Competing risk and heterogeneity of treatment effect in clinical trials - PubMed (original) (raw)

Editorial

Competing risk and heterogeneity of treatment effect in clinical trials

David M Kent et al. Trials. 2008.

Abstract

It has been demonstrated that patients enrolled in clinical trials frequently have a large degree of variation in their baseline risk for the outcome of interest. Thus, some have suggested that clinical trial results should routinely be stratified by outcome risk using risk models, since the summary results may otherwise be misleading. However, variation in competing risk is another dimension of risk heterogeneity that may also underlie treatment effect heterogeneity.
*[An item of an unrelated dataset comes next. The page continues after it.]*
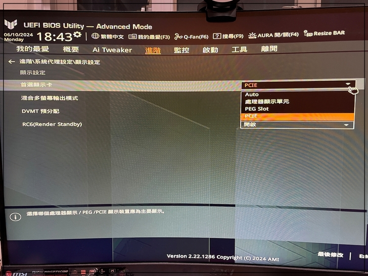 將首選顯示卡從原本「處理器顯示單元」改成「PCIE」。按F10儲存,重新開機後就可以了。
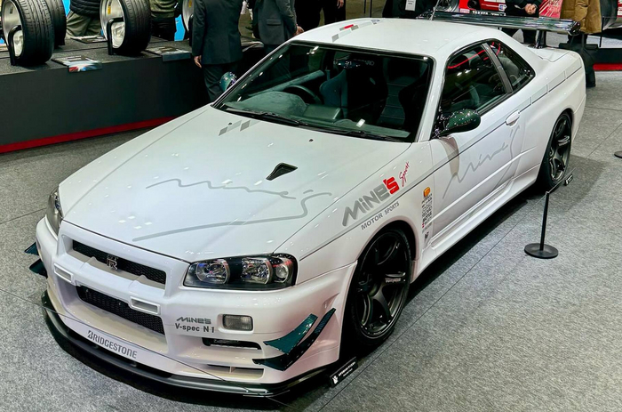 Не можем не отметить и вот этот Nissan Skyline GT-R (R34) в редком исполнении V-Spec N1. Это не просто кипенно-белый «скай» в декалях легендарной тюнинг-мастерской Mine's Sport, а очень качественный рестомод фирмы Built by Legends. Компанию организовали в 2018 году единомышленники Масахару Кудзи и Катсу Такахаши. Все их машины делаются по близкому рецепту. Кузов разбирают до голого металла и восстанавливают — у «скайлайнов» масса проблем с коррозией. Этим занимается известный Garage Yoshida, наладивший производство новых деталей — в частности, опорных стаканов передней подвески изменённой конструкции (родные детали гниют даже на ухоженных машинах). Часть кузовных деталей заменяют углепластиковыми копиями, но внешне стараются сохранить сдержанный стиль: например, на этой машине углепластиковый бампер и капот никак не отличаются внешне от штатных. Салон обшивают высококачественной искусственной замшей Ultrasuede. Под капотом — зона ответственности мастеров фирмы Mine's: установлен построенный ими двигатель RB28 сравнительно умеренной мощности (около 600 л.с.). Такая машина «под ключ» стоит около полумиллиона долларов.

Understanding the effects of competing risk heterogeneity may be especially important for pragmatic comparative effectiveness trials, which seek to include traditionally excluded patients, such as the elderly or complex patients with multiple comorbidities. Indeed, the observed effect of an intervention is dependent on the ratio of outcome risk to competing risk, and these risks - which may or may not be correlated - may vary considerably in patients enrolled in a trial. Further, the effects of competing risk on treatment effect heterogeneity can be amplified by even a small degree of treatment related harm. Stratification of trial results along both the competing and the outcome risk dimensions may be necessary if pragmatic comparative effectiveness trials are to provide the clinically useful information their advocates intend.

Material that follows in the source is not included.